NB: Some link types can contain space-separated rel values, which are
interpreted as a series of links with each of the space-separated rel value
names in the above algorithm.

NB: Ordering of links and properties from each source with the same rel/type
values is retained throughout, with the caveat that HTTP headers do not have
a guaranteed stable order.

Security is not shown here, but is based on either TLS used throughout the
retrievals or (for XRD) the XRD signature specification.  Content type
specific security may also be used to verify links within content (e.g.,
Magic Signatures over link elements).  When set, the *secure *boolean
indicates that a specific link or property was retrieved securely; when not
set, it indicates that the retrieval path contained one or more insecure
steps.  The algorithm will also reject data that is red-flagged (e.g., if a
CRL check shows that a certificate has been revoked as opposed to merely
expiring).  (?)

*Result*:

An ordered collection of metadata, consisting of links and properties, each
of which is annotated with its*lrddsrc*provenance.  There is at most one
rel=”lrdd” link in the collection which identifies the specific LRDD
document used, if any.

A client which wishes to coalesce links and properties found in all three
places within a given rel or type value can just query the collection for
the desired rel or type and retrieve collections of links or properties.
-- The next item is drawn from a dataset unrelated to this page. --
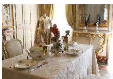
Il Salottino dorato con la tavola imbandita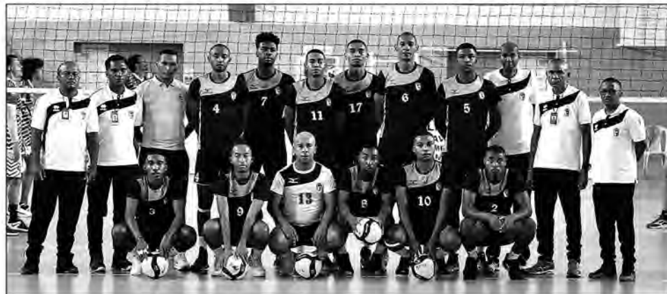
Les gendarmes ont terminé premiers de leur poule.

Les champions de Madagascar filent pour les quarts de finale de la CCC Zone 7 à Maurice. L'équipe de la Gendarmerie Nationale Volley-ball (GNVB) s'est imposée par 3 sets à 1 devant Quatre Bornes de Maurice. Le match a été âprement disputé hier entre les deux équipes. Les hommes de l'entraîneur Honoré Razafinjato ont remporté le premier set par 25 à 22 non sans difficulté. Le second set a été enlevé par les Mauriciens par 25 à 23 après une belle résistance des gendarmes. Avec cette égalité d'un set partout, la

Once retrieved, the set of metadata can be queried.  An important/useful
query is to retrieve the list of links with a given rel value:

get_links(metadata, rel)  # Get sequence of links with given rel value, or
empty list if not found.

Sometimes you may require that only the first set of links found count:

get_top_priority_links(metadata, rel)  # Get sequence of links with given
rel value, ignoring all but the first set found

...and of course you can do a similar query for properties.